Write out the data word for word and drop any picture you find.

[Extracted data]
##########

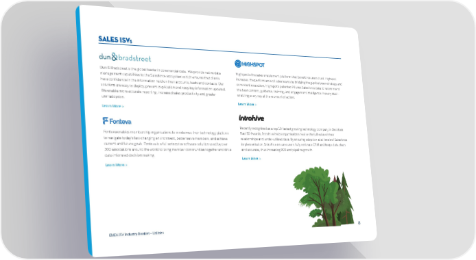 Sales ISVs Dun & Bradstreet is the global leader in commercial data. We provide native data Highspot is the sales enablement platform that Salesforce users trust. Highspot management capabilities to the Salesforce ecosystem which ensures that clients increases the performance of sales teams by bridging the gap between strategy and have confidence in the information held on their accounts, leads and contacts. Our consistent execution. Highspot’s patented AI uses Salesforce data to recommend solutions are easy to deploy, prevent duplication and keep key information updated. the best content, guidance, training, and engagement intelligence in every deal – We enable more accurate reporting, increased sales productivity and greater enabling every rep at the moment of action. user adoption. Learn More > Learn More > Recently recognised as a top 10 fastest growing technology company in Deloitte’s Fonteva enables membership organisations to modernise their technology platform Fast 50 Awards, Introhive helps organisations realise the full value of their to navigate today’s fast-changing environment, better serve members, and achieve relationships and under-utilised data. By ensuring adoption at all levels of Salesforce current and future goals. Fonteva is a full enterprise software solution used by over implementation, Introhive ensures users fully embrace CRM and keeps data clean 300 associations around the world to bring member communities together and drive and accurate, thus increasing ROI and pipeline growth. data-informed decision making. Learn More > Learn More > EMEA ISV Industry Booklet — Utilities 88
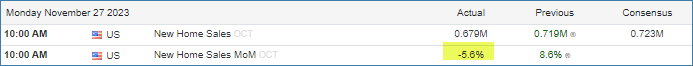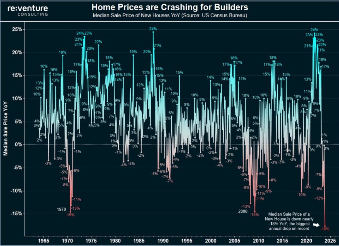 Median sale price of new homes fall 18% YoY → Bonds rally
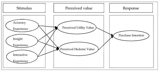 The current research on technology as stimulus is mainly reflected in the navigation structure of the website, the implementation of platform-assisted business technology, and the effectiveness of the network []. At present, AI technology, which has industry empowerment significance, has little research on its impact, as a kind of stimulation, on consumers’ internal mechanism of purchase intention. This study will creatively fill the gaps of SOR theory in the field of AI technology’s applications in online shopping.
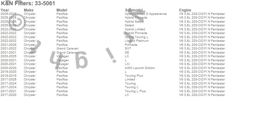 Below is an abbreviated list of applications for the Air Filter.
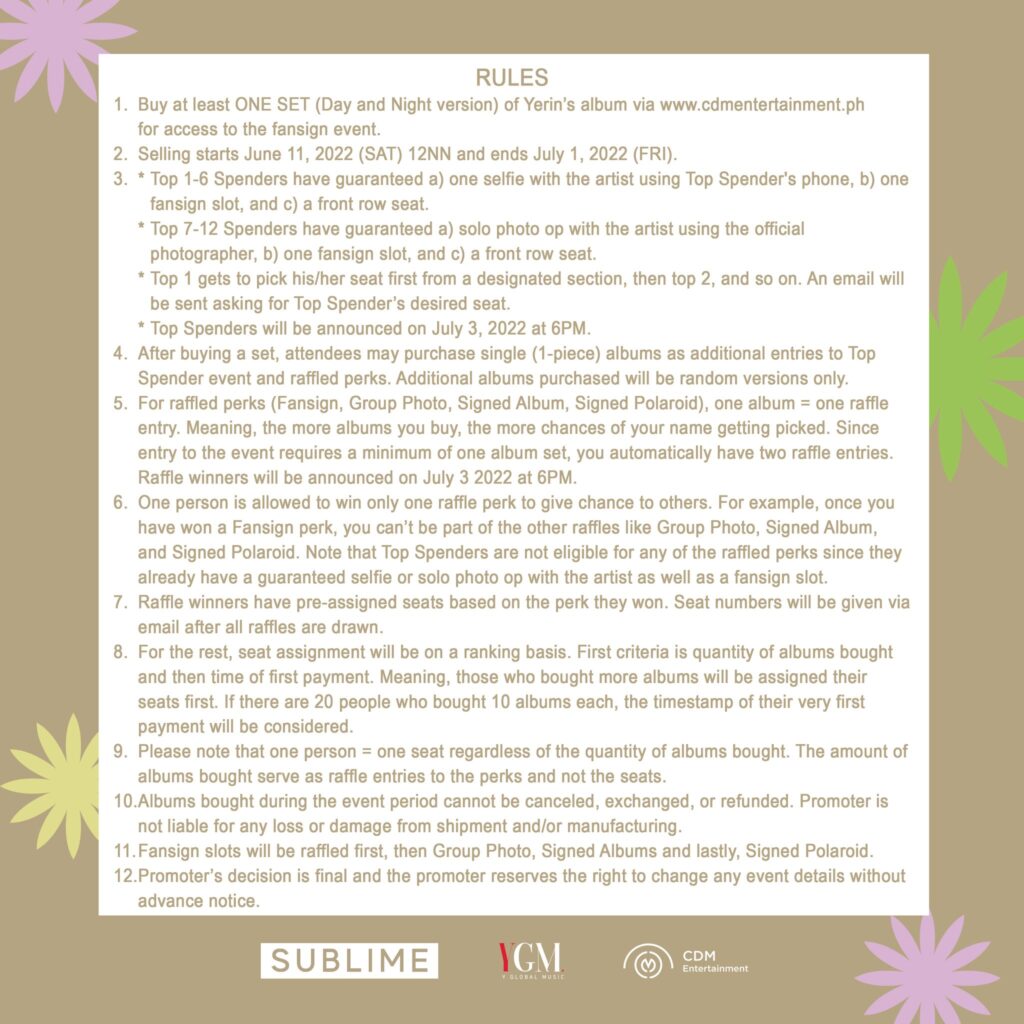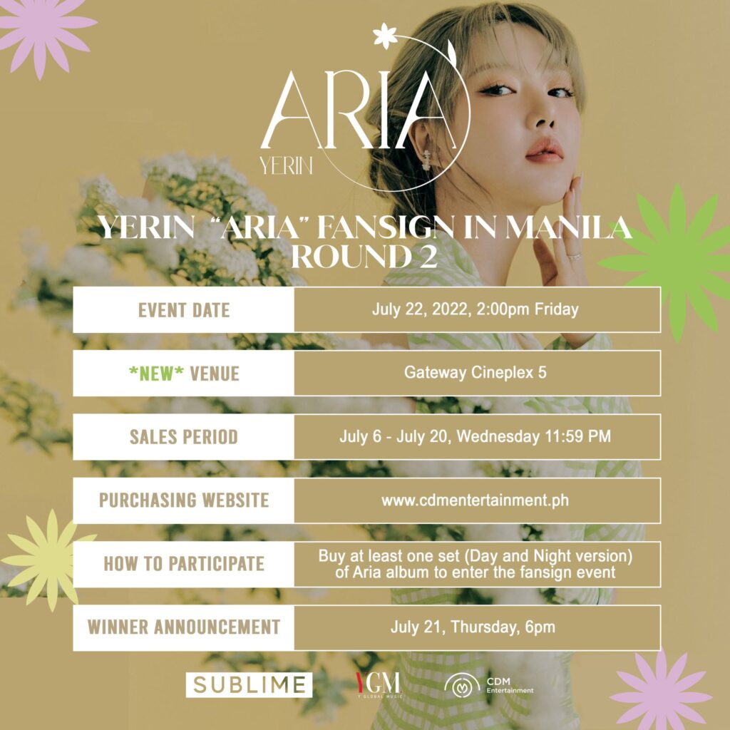 Entry to the event only requires purchasing one set of “Aria” (Day and Night album versions) via https://www.cdmentertainment.ph/. The album selling period has begun and will continue until July 20, 2022, at midnight. More information can be found on CDM Entertainment’s social media pages.

##########

[Your solution]
 Sales ISVs Dun & Bradstreet is the global leader in commercial data. We provide native data Highspot is the sales enablement platform that Salesforce users trust. Highspot management capabilities to the Salesforce ecosystem which ensures that clients increases the performance of sales teams by bridging the gap between strategy and have confidence in the information held on their accounts, leads and contacts. Our consistent execution. Highspot’s patented AI uses Salesforce data to recommend solutions are easy to deploy, prevent duplication and keep key information updated. the best content, guidance, training, and engagement intelligence in every deal – We enable more accurate reporting, increased sales productivity and greater enabling every rep at the moment of action. user adoption. Learn More > Learn More > Recently recognised as a top 10 fastest growing technology company in Deloitte’s Fonteva enables membership organisations to modernise their technology platform Fast 50 Awards, Introhive helps organisations realise the full value of their to navigate today’s fast-changing environment, better serve members, and achieve relationships and under-utilised data. By ensuring adoption at all levels of Salesforce current and future goals. Fonteva is a full enterprise software solution used by over implementation, Introhive ensures users fully embrace CRM and keeps data clean 300 associations around the world to bring member communities together and drive and accurate, thus increasing ROI and pipeline growth. data-informed decision making. Learn More > Learn More > EMEA ISV Industry Booklet — Utilities 88
 Median sale price of new homes fall 18% YoY → Bonds rally
 The current research on technology as stimulus is mainly reflected in the navigation structure of the website, the implementation of platform-assisted business technology, and the effectiveness of the network []. At present, AI technology, which has industry empowerment significance, has little research on its impact, as a kind of stimulation, on consumers’ internal mechanism of purchase intention. This study will creatively fill the gaps of SOR theory in the field of AI technology’s applications in online shopping.
 Below is an abbreviated list of applications for the Air Filter.
 Entry to the event only requires purchasing one set of “Aria” (Day and Night album versions) via https://www.cdmentertainment.ph/. The album selling period has begun and will continue until July 20, 2022, at midnight. More information can be found on CDM Entertainment’s social media pages.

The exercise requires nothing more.